Segment Start: GIVEN INFORMATION
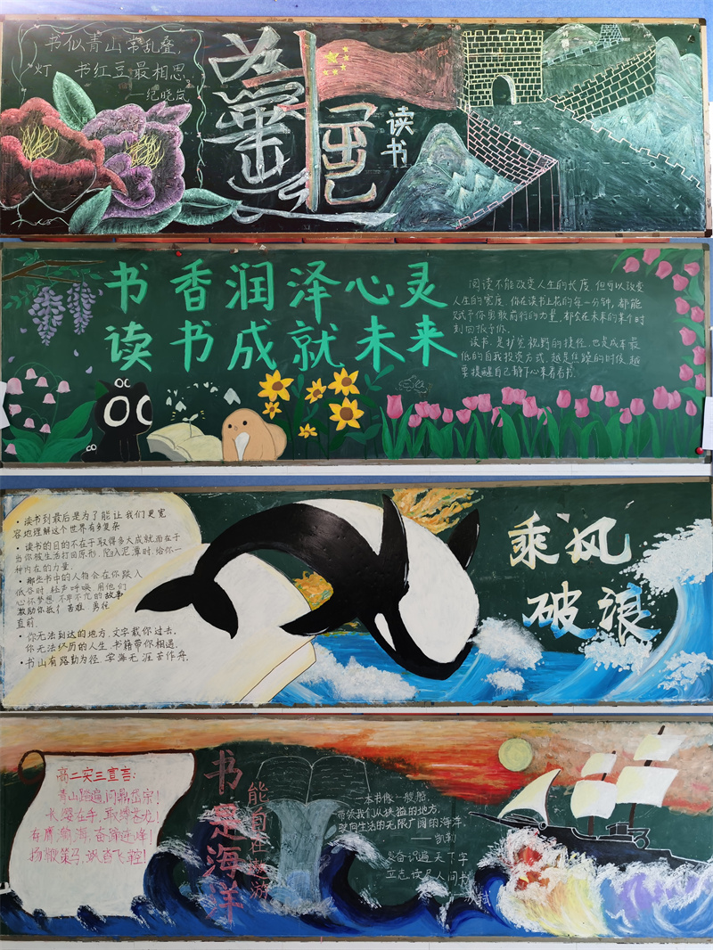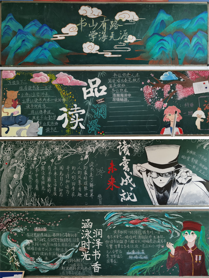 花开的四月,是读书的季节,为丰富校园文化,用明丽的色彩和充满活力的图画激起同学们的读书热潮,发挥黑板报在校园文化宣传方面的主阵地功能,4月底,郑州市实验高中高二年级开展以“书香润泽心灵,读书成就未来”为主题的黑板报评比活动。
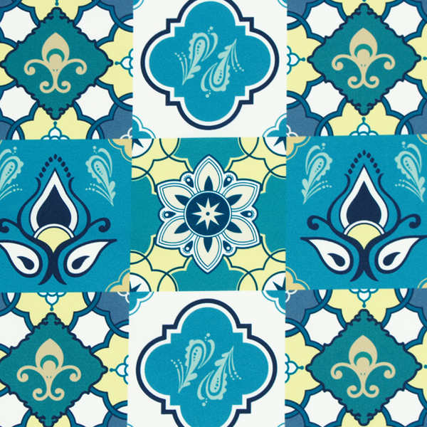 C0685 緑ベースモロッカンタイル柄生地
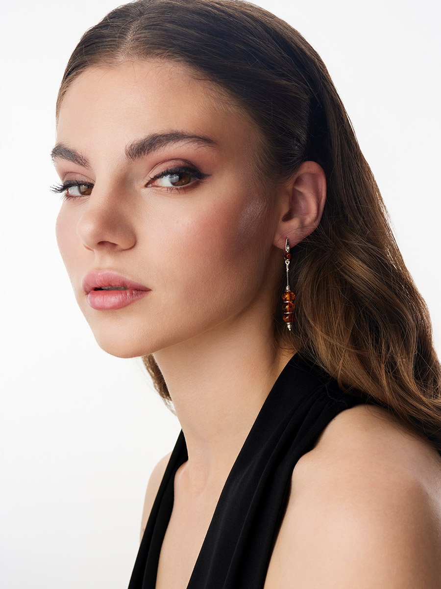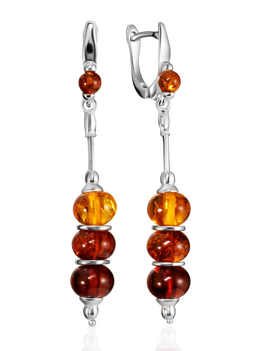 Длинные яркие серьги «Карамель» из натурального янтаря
Segment End: GIVEN INFORMATION
* _YOUR ASSIGNMENT_
An exact copy of the listing above is to be set down, with no pictures in it.

* _SOLVED PROBLEM_
 花开的四月,是读书的季节,为丰富校园文化,用明丽的色彩和充满活力的图画激起同学们的读书热潮,发挥黑板报在校园文化宣传方面的主阵地功能,4月底,郑州市实验高中高二年级开展以“书香润泽心灵,读书成就未来”为主题的黑板报评比活动。
 C0685 緑ベースモロッカンタイル柄生地
 Длинные яркие серьги «Карамель» из натурального янтаря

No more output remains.